The US embassy attacker, Mevlid Jasarevic, was removed from court for showing disrespect while his wife’s statement was read out; in it, she recalled her attempts to disssuade him from going to Sarajevo.The statement of Mirela Demirovic, Jasarevic’s unmarried wife, previously given to investigators, was read out at the trial on Monday.

Jasarevic is accused of terrorism for having opened fire on the US embassy in Sarajevo last October.

Demirovic was absent from the Court as a witness for unknown reasons.

In her statement she said she tried to stop her husband from attacking the embassy in Sarajevo, which he had told her he would do.She said that Jasarevic had put a Kalashnikov rifle in his bag and two bombs in his vest and had said that he was going from the village of Gornja Maoca where the couple lived to Sarajevo to attack the embassy.

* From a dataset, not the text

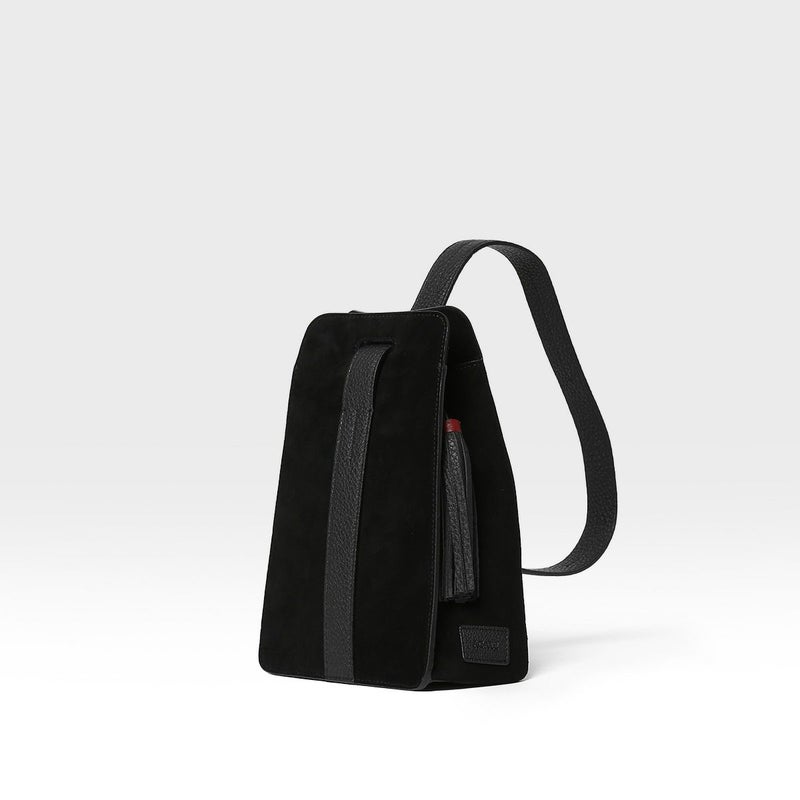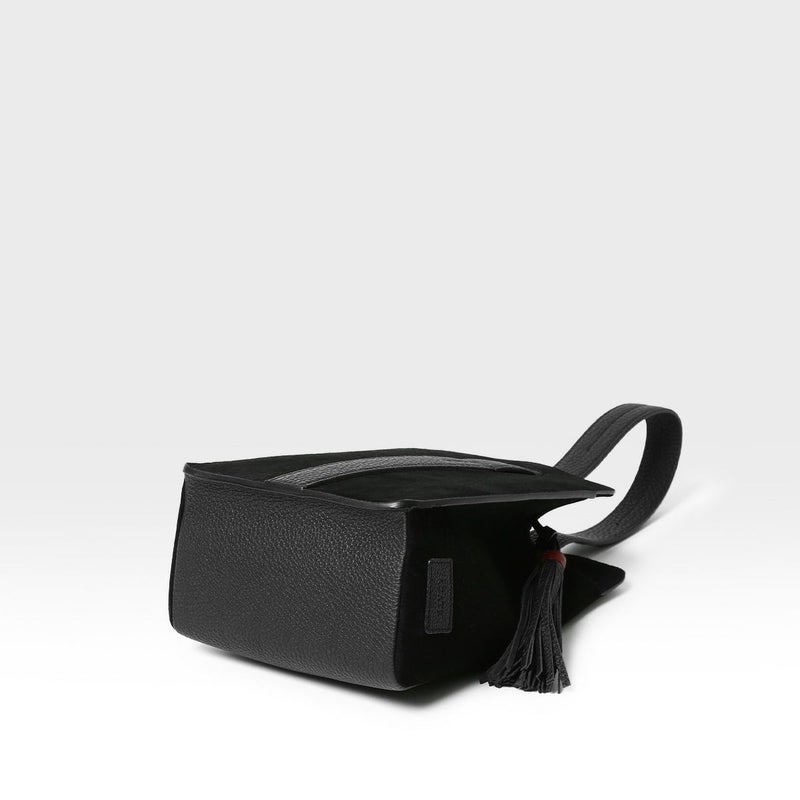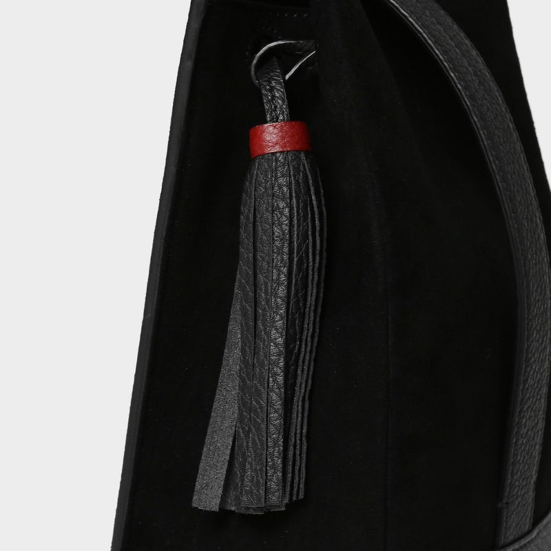 メイン素材にスエードレザー、ハンドル・ボトム・タッセルにシュリンクレザーを贅沢に使用。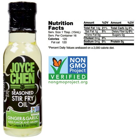 Replace your bland everyday oil and dramatically improve the taste and aroma of any stir fried or grilled vegetables, seafood, or meat. Joyce Chen Garlic & Ginger Seasoned Stir Fry Oil is perfect for conveniently creating delicious Chinese recipes. By infusing essential oils of garlic and ginger into 100% Canola Oil, they create a product that is healthy, well balanced and flavorful, without being over powering. Kosher certified as pure and wholesome, Joyce Chen's stir fry oil is trans fat free, and cholesterol free. Use for stir frying (about 2 TBS.) and in your favorite recipes instead of regular cooking oils. (Do not overheat). Visit www.JoyceChenFoods.com for Joyce Chen's recipes and to learn how she helped pioneer Chinese cuisine in the U.S.

Demorovic said she tried to persuade him not to do so, but he would not listen. She also said that he had gone to Sarajevo last September for the same reason but had given up on that occasion, saying he lacked courage.

Demirovic said she thought that he would not do anything in October either, for the same reason.

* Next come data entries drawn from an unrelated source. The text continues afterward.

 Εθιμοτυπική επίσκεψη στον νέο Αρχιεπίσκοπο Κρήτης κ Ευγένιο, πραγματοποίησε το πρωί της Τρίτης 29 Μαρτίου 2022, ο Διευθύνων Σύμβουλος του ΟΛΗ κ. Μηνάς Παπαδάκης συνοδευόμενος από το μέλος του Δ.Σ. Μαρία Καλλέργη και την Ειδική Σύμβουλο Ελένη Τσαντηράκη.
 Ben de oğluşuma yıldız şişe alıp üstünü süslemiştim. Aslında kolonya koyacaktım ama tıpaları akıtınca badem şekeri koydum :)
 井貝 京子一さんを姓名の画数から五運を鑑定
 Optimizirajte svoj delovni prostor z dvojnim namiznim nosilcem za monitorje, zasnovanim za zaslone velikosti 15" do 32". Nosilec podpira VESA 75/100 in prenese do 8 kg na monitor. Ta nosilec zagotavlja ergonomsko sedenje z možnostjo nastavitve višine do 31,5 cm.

But Jasarevic protested over the reading out of the statement, saying that his wife had been under stress when she made it, and he did “not want to listen to injustice”.

The judge called his behaviour inappropriate and also urged him to remove his cap, which he ignored, after which the judge removed him from the court.

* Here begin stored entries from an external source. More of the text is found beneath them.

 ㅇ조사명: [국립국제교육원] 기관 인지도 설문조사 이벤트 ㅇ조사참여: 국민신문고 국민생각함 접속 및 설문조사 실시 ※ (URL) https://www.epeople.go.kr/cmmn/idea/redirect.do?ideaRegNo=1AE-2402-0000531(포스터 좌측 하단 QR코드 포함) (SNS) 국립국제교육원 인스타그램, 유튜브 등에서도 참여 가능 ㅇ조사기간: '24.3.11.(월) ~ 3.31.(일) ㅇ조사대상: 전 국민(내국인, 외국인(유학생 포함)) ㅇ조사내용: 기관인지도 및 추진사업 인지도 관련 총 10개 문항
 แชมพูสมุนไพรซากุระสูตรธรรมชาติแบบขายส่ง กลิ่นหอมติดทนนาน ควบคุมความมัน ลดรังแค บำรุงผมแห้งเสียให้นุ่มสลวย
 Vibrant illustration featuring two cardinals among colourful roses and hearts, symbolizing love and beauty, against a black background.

The other witness on Monday, Husmet Hamidovic, a local from Gornja Maoca, was also removed from court for not taking off his cap, which he maintained was a religious symbol.

Hamidovic’s written statement was read out instead. In it, he said he did not know Jasarevic well, adding that the accused had done nothing to suggest that the attack would happen.

The Bosnian indictment charges Jasarevic with attacking the US embassy, shooting 105 bullets in 50 minutes from an auto rifle and wounding a policemen.

The two of his alleged helpers Emrah Fojnica and Munib Ahmetspahic are charged with assisting him in hiding a DVD message that Jasarevic had recorded before coming to Sarajevo on October 28, and with destroying ammunition and military equipment that had been obtained for terrorist purposes.

The defence admits the suspect’s action but insists he was not part of an organized terrorist group. The prosecution maintains that Jasarevic, Ahmetspahic and Fojnica were all members of an organized terrorist group that was active in the village of Gornja Maoca.

The indictment says the three men intended to express their dissatisfaction with the position in Bosnia of the extreme Wahhabi community, to which they belonged, and avenge that by violence. All three have pleaded not guilty to the charges.

Jasarevic is also indicted by the US Justice Department. In April it charged him, among other matters, with attempted murder alongside nine other counts in connection with the shootings.